• [Exercise prompt]
For every record that follows, write out the text exactly and omit the picture, if one is present.
- Opening Delimiter -
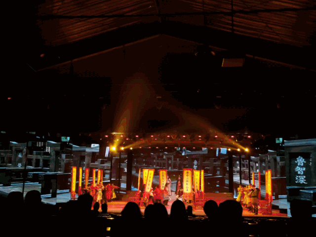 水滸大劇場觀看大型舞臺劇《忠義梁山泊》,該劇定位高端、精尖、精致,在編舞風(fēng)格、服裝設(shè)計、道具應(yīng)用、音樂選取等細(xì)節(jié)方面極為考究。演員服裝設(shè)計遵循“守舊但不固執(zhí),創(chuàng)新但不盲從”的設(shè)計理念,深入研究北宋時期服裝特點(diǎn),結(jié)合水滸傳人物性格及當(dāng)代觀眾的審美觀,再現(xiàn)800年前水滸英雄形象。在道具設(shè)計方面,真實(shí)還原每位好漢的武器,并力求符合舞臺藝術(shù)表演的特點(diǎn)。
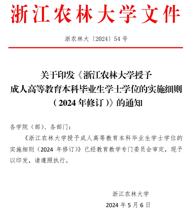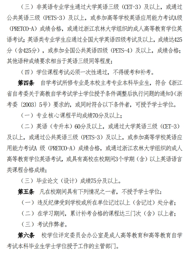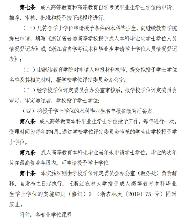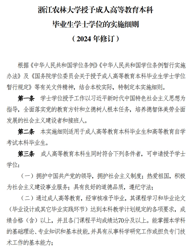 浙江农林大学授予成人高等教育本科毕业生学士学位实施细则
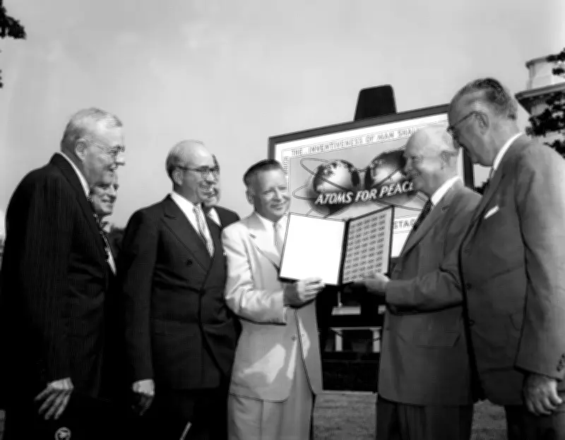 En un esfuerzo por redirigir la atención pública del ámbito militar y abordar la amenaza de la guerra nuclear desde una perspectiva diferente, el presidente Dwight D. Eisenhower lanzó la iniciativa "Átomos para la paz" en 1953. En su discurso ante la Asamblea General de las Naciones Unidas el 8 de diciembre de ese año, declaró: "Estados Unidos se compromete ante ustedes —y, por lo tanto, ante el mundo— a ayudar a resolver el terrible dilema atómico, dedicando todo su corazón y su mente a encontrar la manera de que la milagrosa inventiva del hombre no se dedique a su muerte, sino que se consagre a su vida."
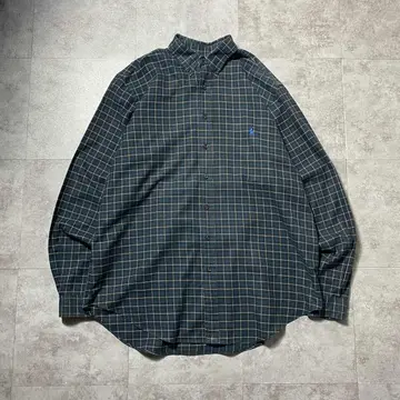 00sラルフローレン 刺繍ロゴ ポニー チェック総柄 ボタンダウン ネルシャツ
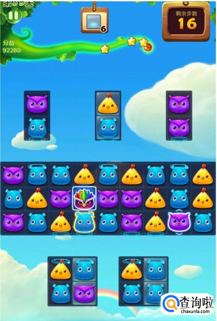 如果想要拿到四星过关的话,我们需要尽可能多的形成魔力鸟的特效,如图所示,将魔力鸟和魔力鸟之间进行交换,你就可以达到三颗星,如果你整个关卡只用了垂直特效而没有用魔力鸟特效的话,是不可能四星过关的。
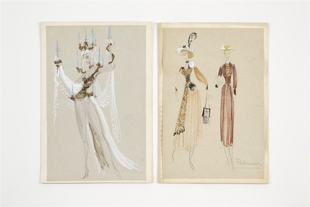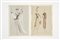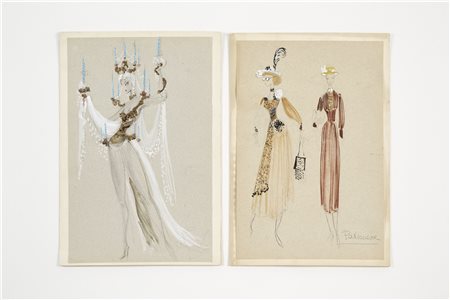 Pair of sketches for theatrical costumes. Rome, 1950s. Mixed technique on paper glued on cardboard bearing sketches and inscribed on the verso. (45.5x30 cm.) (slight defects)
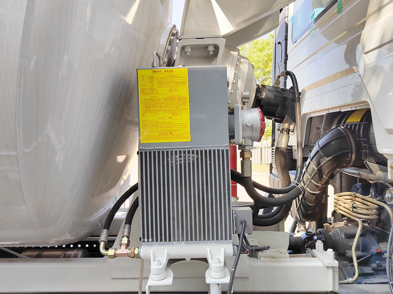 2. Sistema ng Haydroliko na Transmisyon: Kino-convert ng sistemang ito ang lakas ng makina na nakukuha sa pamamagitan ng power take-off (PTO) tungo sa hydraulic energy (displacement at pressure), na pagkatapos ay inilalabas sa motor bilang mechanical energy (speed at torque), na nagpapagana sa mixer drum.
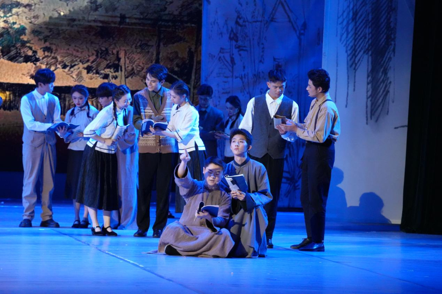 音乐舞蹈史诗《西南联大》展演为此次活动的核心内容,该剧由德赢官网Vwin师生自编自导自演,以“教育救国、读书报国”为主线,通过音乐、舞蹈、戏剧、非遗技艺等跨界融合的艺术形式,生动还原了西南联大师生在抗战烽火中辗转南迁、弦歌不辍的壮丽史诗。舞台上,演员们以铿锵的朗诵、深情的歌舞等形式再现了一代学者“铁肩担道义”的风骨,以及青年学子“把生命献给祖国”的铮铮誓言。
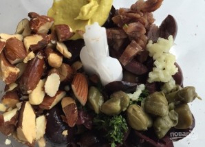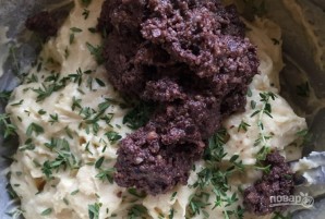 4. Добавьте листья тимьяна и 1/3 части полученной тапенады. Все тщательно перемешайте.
- Closing Delimiter -
• [Finished task]
 水滸大劇場觀看大型舞臺劇《忠義梁山泊》,該劇定位高端、精尖、精致,在編舞風(fēng)格、服裝設(shè)計、道具應(yīng)用、音樂選取等細(xì)節(jié)方面極為考究。演員服裝設(shè)計遵循“守舊但不固執(zhí),創(chuàng)新但不盲從”的設(shè)計理念,深入研究北宋時期服裝特點(diǎn),結(jié)合水滸傳人物性格及當(dāng)代觀眾的審美觀,再現(xiàn)800年前水滸英雄形象。在道具設(shè)計方面,真實(shí)還原每位好漢的武器,并力求符合舞臺藝術(shù)表演的特點(diǎn)。
 浙江农林大学授予成人高等教育本科毕业生学士学位实施细则
 En un esfuerzo por redirigir la atención pública del ámbito militar y abordar la amenaza de la guerra nuclear desde una perspectiva diferente, el presidente Dwight D. Eisenhower lanzó la iniciativa "Átomos para la paz" en 1953. En su discurso ante la Asamblea General de las Naciones Unidas el 8 de diciembre de ese año, declaró: "Estados Unidos se compromete ante ustedes —y, por lo tanto, ante el mundo— a ayudar a resolver el terrible dilema atómico, dedicando todo su corazón y su mente a encontrar la manera de que la milagrosa inventiva del hombre no se dedique a su muerte, sino que se consagre a su vida."
 00sラルフローレン 刺繍ロゴ ポニー チェック総柄 ボタンダウン ネルシャツ
 如果想要拿到四星过关的话,我们需要尽可能多的形成魔力鸟的特效,如图所示,将魔力鸟和魔力鸟之间进行交换,你就可以达到三颗星,如果你整个关卡只用了垂直特效而没有用魔力鸟特效的话,是不可能四星过关的。
 Pair of sketches for theatrical costumes. Rome, 1950s. Mixed technique on paper glued on cardboard bearing sketches and inscribed on the verso. (45.5x30 cm.) (slight defects)
 2. Sistema ng Haydroliko na Transmisyon: Kino-convert ng sistemang ito ang lakas ng makina na nakukuha sa pamamagitan ng power take-off (PTO) tungo sa hydraulic energy (displacement at pressure), na pagkatapos ay inilalabas sa motor bilang mechanical energy (speed at torque), na nagpapagana sa mixer drum.
 音乐舞蹈史诗《西南联大》展演为此次活动的核心内容,该剧由德赢官网Vwin师生自编自导自演,以“教育救国、读书报国”为主线,通过音乐、舞蹈、戏剧、非遗技艺等跨界融合的艺术形式,生动还原了西南联大师生在抗战烽火中辗转南迁、弦歌不辍的壮丽史诗。舞台上,演员们以铿锵的朗诵、深情的歌舞等形式再现了一代学者“铁肩担道义”的风骨,以及青年学子“把生命献给祖国”的铮铮誓言。
 4. Добавьте листья тимьяна и 1/3 части полученной тапенады. Все тщательно перемешайте.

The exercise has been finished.